As a final matter, Ruse challenges one paragraph in the Court of Appeals decision, in which the court held that Ruse failed to identify specific distinctive conditions of his employment. The decision states: "Hard work and heavy labor are conditions found in numerous types of employment and of life in general. These conditions do not satisfy the statutory mandate that `distinctive' conditions of employment proximately caused Mr. Ruse's disability." Ruse, 90 Wash. App. at 454, 966 P.2d 909. Ruse and amici curiae claim this analysis improperly suggests hard work or heavy labor could never constitute a distinctive condition. We agree such a suggestion may be improper, but we decline to address the distinctive conditions issue because it was not properly before the Court of Appeals.

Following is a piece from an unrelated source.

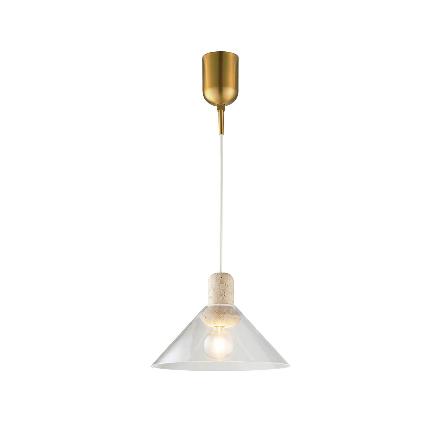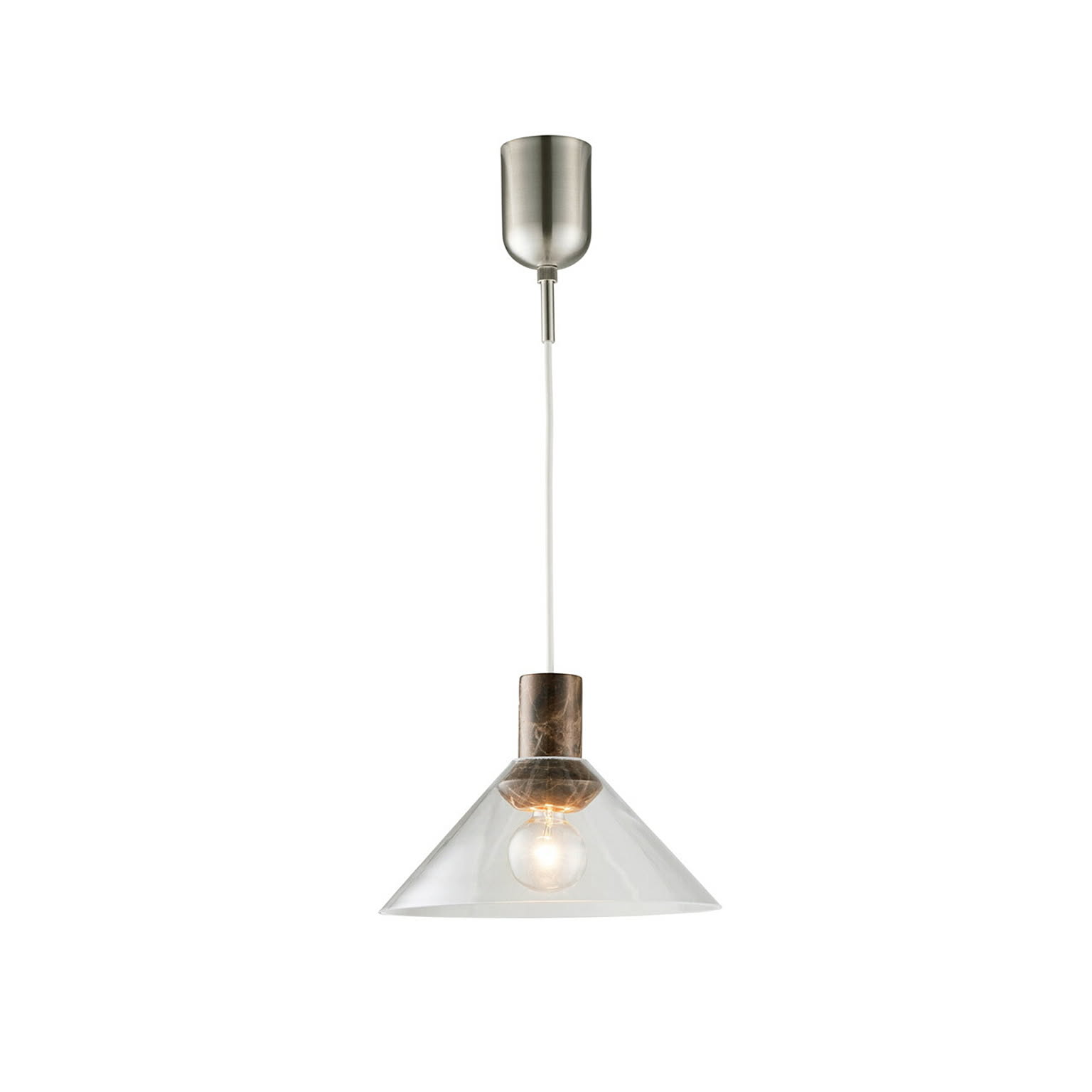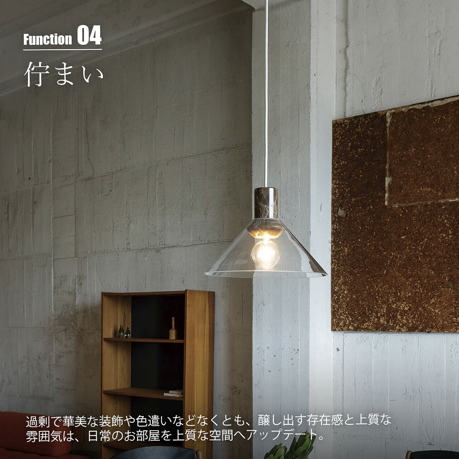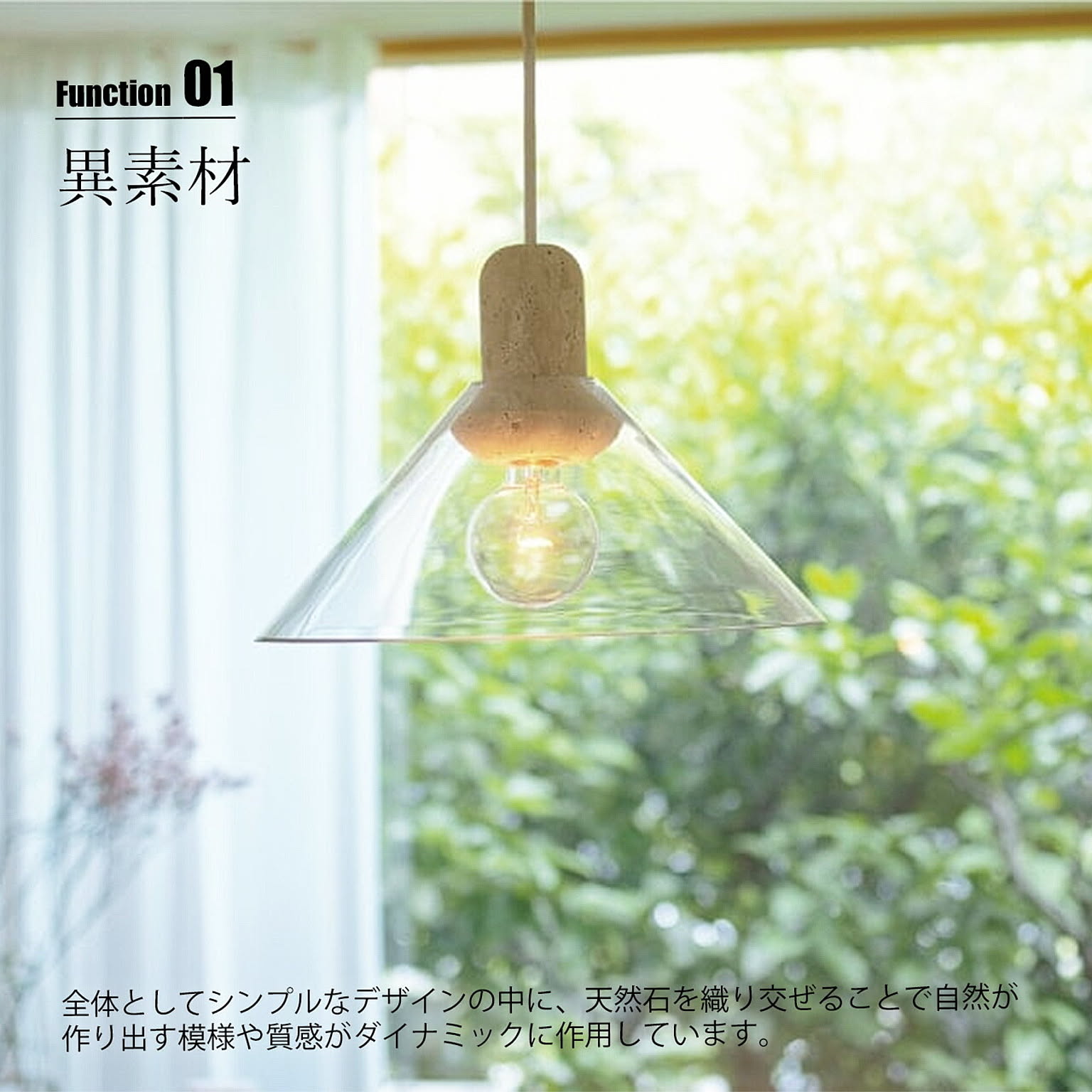 空間に凛とした存在感をもたらす、上質なペンダントライト。透明なガラスの中に、異素材の大理石をそっと収めた構造は、浮遊感と重厚感が美しく共存しています。ソケットやネジといった機構はあえて見せず、素材そのものの美しさを際立たせるミニマルな仕立てに。

An appellate court should not address an issue upon which the Department did not rely in denying the claim. Cf. Hanquet v. Department of Labor & Indus., 75 Wash. App. 657, 662-64, 879 P.2d 326 (1994) (the Board may not consider an issue not passed upon by the Department, and the superior court likewise cannot consider a *574 question not properly before the Board). Here, neither the Board nor the superior court entered any findings of fact or conclusions of law regarding the distinctive conditions issue. By analogy to Hanquet, the Court of Appeals should have declined to address an issue which was not reached below. Furthermore, it was entirely unnecessary for the Court of Appeals to reach the issue because it found as did the superior court that Ruse failed to prove the causal connection between his disability and his employment.


Given the Court of Appeals' correct holding on the aggravation issue, it had no need to address the State's newly raised distinctive conditions issue, and its discussion thereon should be disregarded as dicta. In all other aspects, the Court of Appeals is affirmed.



[1] The Board adopted the Proposed Decision and Order as its own ruling.